He sees you when you're sleeping, he knows when you're awake—and he sounds totally creepy! Let's make the holidays less stressful by tossing Elf on the Shelf for good.

By Kristi Pahr
December 17, 2019

The holidays are here and for many of us, that means stress. Decorating, shopping, parties, visitors—the holidays can certainly be hard for parents. And then there’s the elf. The Elf on the Shelf, a beloved (and despised) holiday tradition gives parents one more thing to worry about over the holidays. Between staging perfect elf-y vignettes, keeping track of scenes from years past to avoid repeats, and hardest of all, remembering to move the dang thing every single night, the elf can give even the most stalwart cheer-bringer to the edge of anxiety.

Credit: Adobe Stock

And it might not be all that fun for your kids, either. They have to deal with a new house guest (and now maybe even Elf babies) whose job it is to let Santa know whether they've been naughty or nice—and that's not always all fun and games.
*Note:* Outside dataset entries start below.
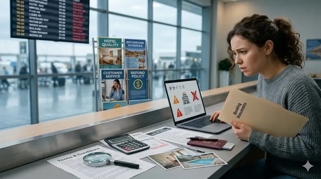 C’est le point qui génère le plus de frustration. Une offre affichée à 599 € par personne peut rapidement grimper à 850 € ou plus une fois ajoutés les bagages en soute, les transferts aéroport, les taxes locales et les options d’excursions présentées comme quasi indispensables.
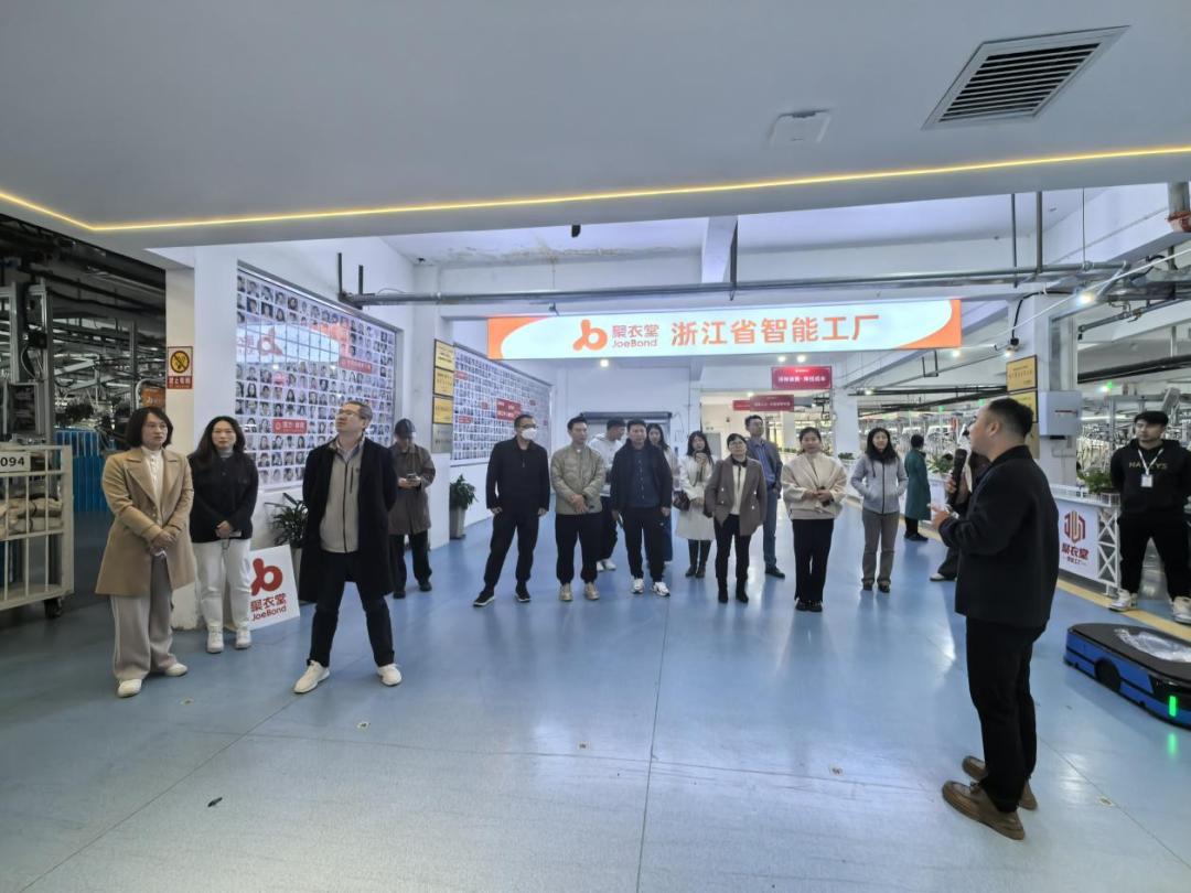 考察团第一站参观了位于浦江县的浙江聚衣堂服饰有限公司,这是一家集研发、纺织、生产、销售于一体的综合性企业,从2020年开始先后投入了3000多万元进行数字化改造,如今已拥有日产12万件至15万件的超强生产力。在聚衣堂服饰有限公司监管中心总监张燎檄、来利国际旗舰厅浦江研究院副经理董华英的陪同下,考察团参观了聚衣堂的智能工厂生产车间、裁剪中心、营销中心,深入了解企业智能吊挂系统的运作方式、数字化改造、产品销售服务等情况。
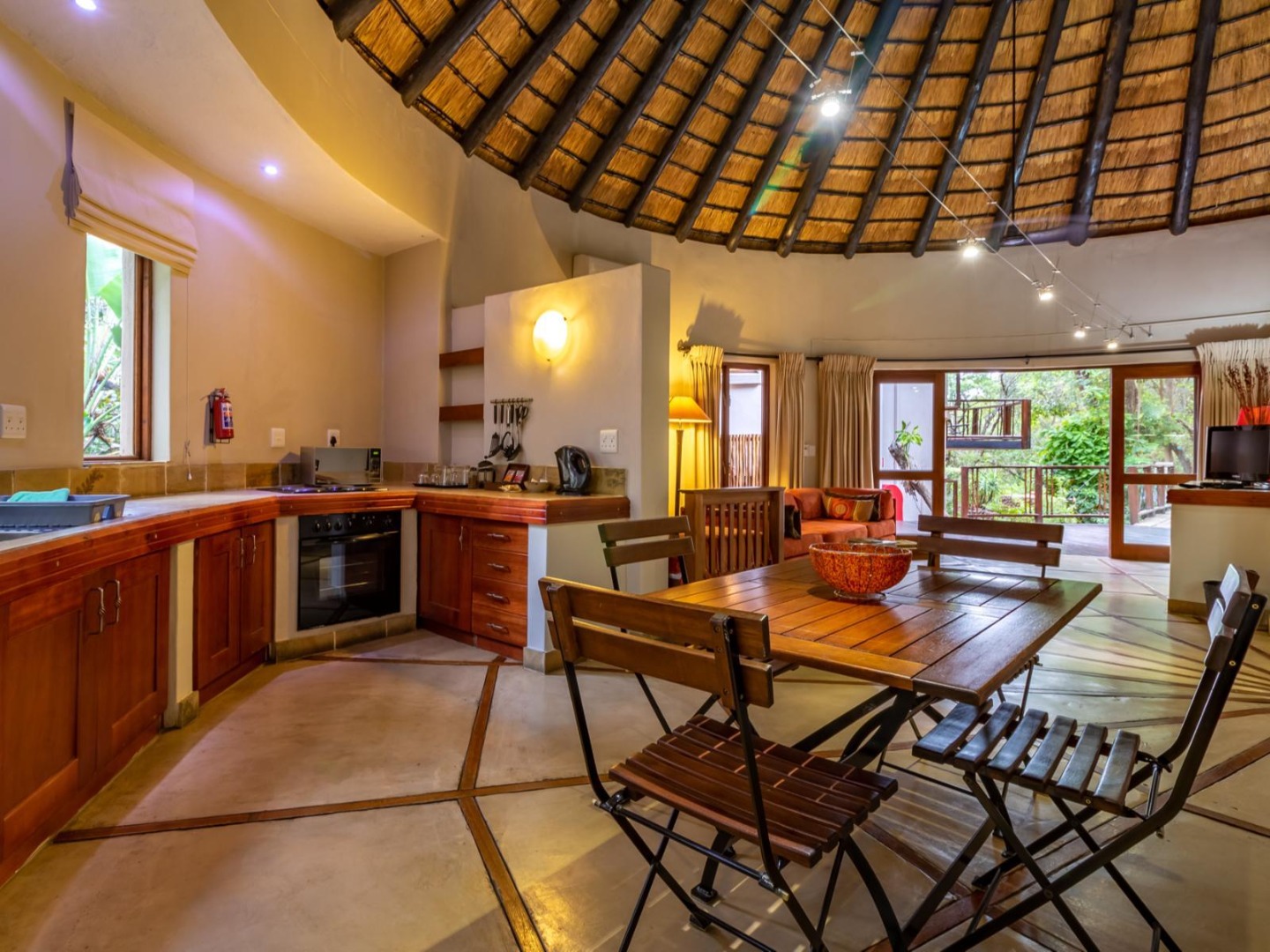 - Kingfisher Self-Catering Lodge: Under thatch with full kitchen, dining and lounge area, en-suite bathroom with oversized bath and shower, DSTV, and all essentials supplied – perfect for couples.

Depending on your child’s developmental stage, Elf on the Shelf could be downright frightening and even lead to stress. “Kids may fear that the elf is watching them without their awareness,” explains San Diego-based family therapist, Lauren Cook. In other words, the elf is a total creeper and we might be teaching our kids that it's OK for people to watch you when you don't realize they're watching. 
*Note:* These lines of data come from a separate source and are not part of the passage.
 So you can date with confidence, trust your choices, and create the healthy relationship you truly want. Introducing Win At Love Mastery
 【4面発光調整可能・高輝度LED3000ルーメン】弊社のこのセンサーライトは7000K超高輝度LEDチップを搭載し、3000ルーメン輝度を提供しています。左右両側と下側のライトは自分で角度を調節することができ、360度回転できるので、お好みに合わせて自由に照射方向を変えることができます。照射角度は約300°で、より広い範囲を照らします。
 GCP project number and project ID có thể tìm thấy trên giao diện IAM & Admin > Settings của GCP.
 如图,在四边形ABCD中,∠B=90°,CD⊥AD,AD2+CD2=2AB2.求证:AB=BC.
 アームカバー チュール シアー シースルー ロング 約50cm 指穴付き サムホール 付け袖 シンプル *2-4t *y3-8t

It’s creepy enough thinking you’re being watched all the time but when the person doing the watching is a notorious tattle-tale? Recipe for even more stress! Just image having a creepy little interloper hanging out at your job for a month, watching you, and reporting back to your boss. Now imagine if you were 5 and that boss was Santa—holy paranoia, Batman!
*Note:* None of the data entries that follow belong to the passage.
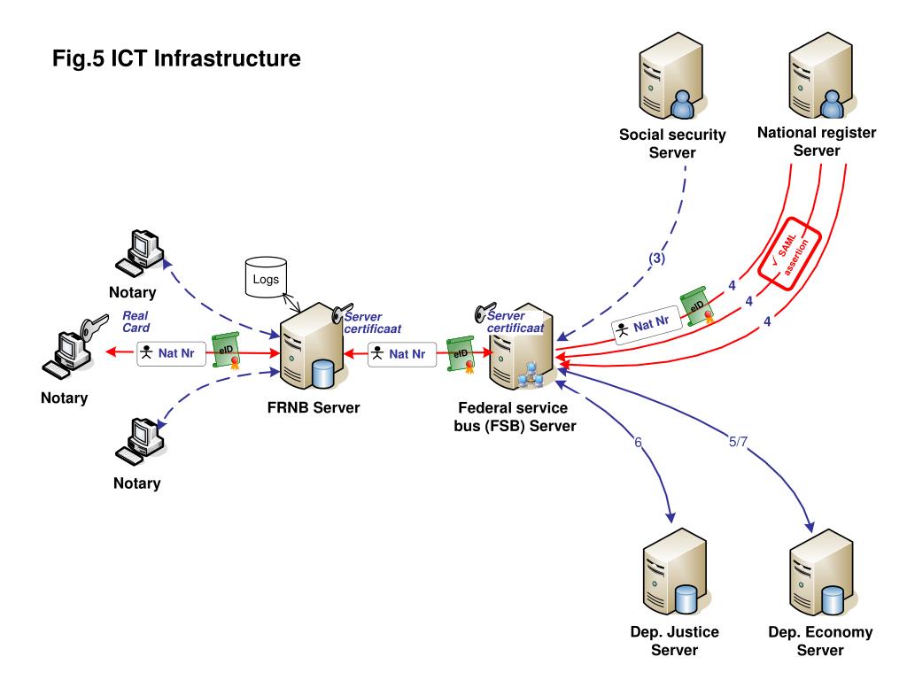National register Server Social security Server Notary Notary FRNB Server Federal service bus (FSB) Server Notary Dep. Justice Server Dep. Economy Server Fig.5 ICT Infrastructure
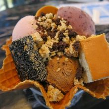 チーズケーキやパイナップルケーキで有名な日出が手掛けるアイスクリーム屋さん。元々は日本人の宮原医師が開業した医院だった場所をそのままリノベーションしてスイーツショップに転身しています。アイスクリームを頼むと、アイスのボリュームに応じてトッピングを選べるのですが、やはり日出の代名詞であるチーズケーキは外せません!
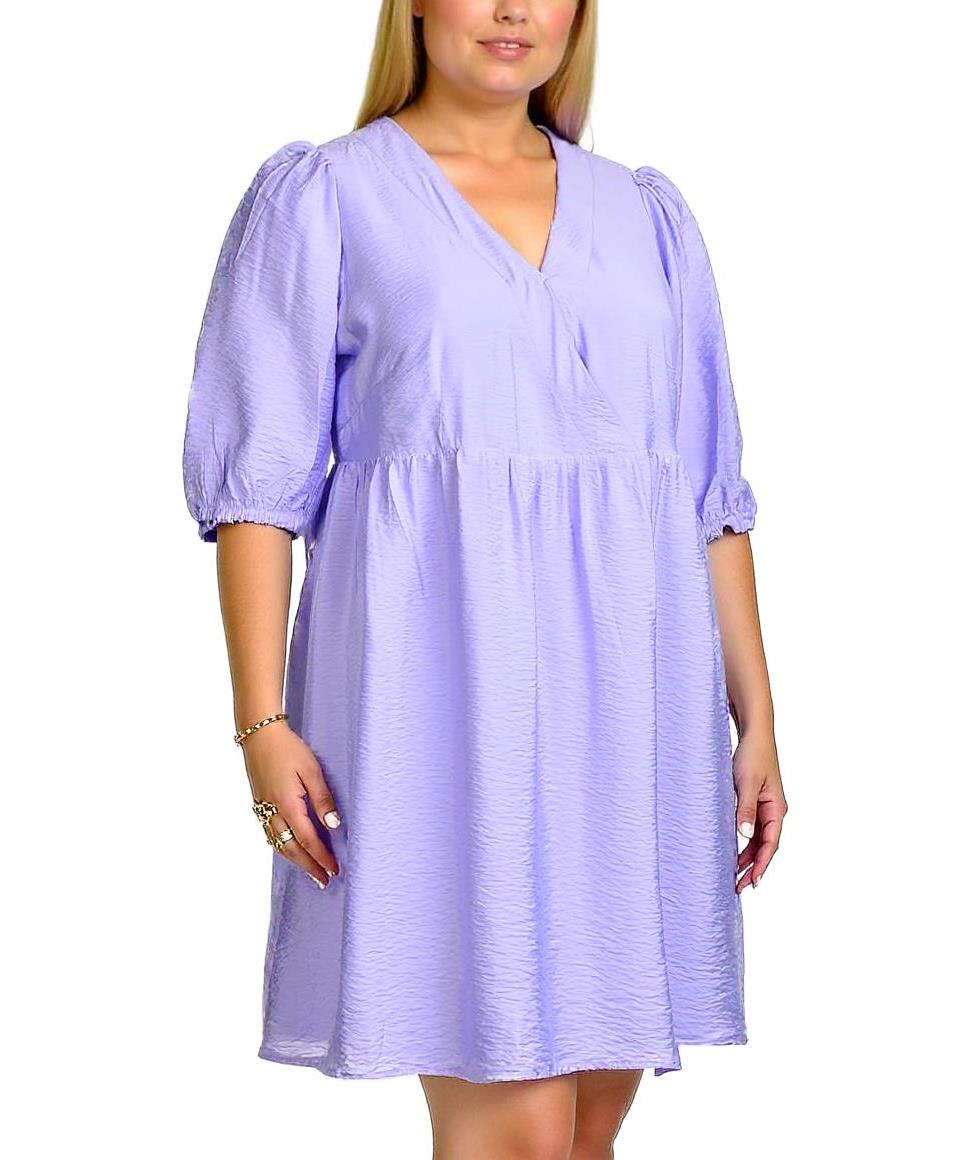 Лилава рокля от вискоза с къс буфан ръкав и V-образно деколте. Дължината е до коляното, придавайки елегантност и комфорт. Подходяща за различни поводи. Лека и приятна на допир материя.
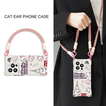迪士尼正版適用蘋果16Pro手機殼瑪麗貓新款iPhone16promax斜挎背包式13高級感小眾女14Pro硅膠保護套12腕帶女

And then there’s the whole “Big Brother is watching you” aspect. Despite what reality TV would have us believe, an eye in the sky is just plain creepy. Teaching kids that their every move, every mistake, and every misdeed is seen by an authority figure and might result in negative consequences can be hard on them.

"We do not want children to fear making mistakes," explains Cook. "Of course, we don't want to encourage them to misbehave but it's important that children have healthy learning experiences where they can learn from their missteps. If they feel like the Elf is constantly monitoring their behavior, it may induce a sense of anxiety and even perfectionism." Not to mention, it has the potential to normalize surveillance culture and set a precedent at an early age that they should have no expectation of privacy.

Dicey propositions and a lot of pressure for a young child to deal with. Maybe leaving the elf in the closet this year will help cut down on holiday stress for both you and your kid!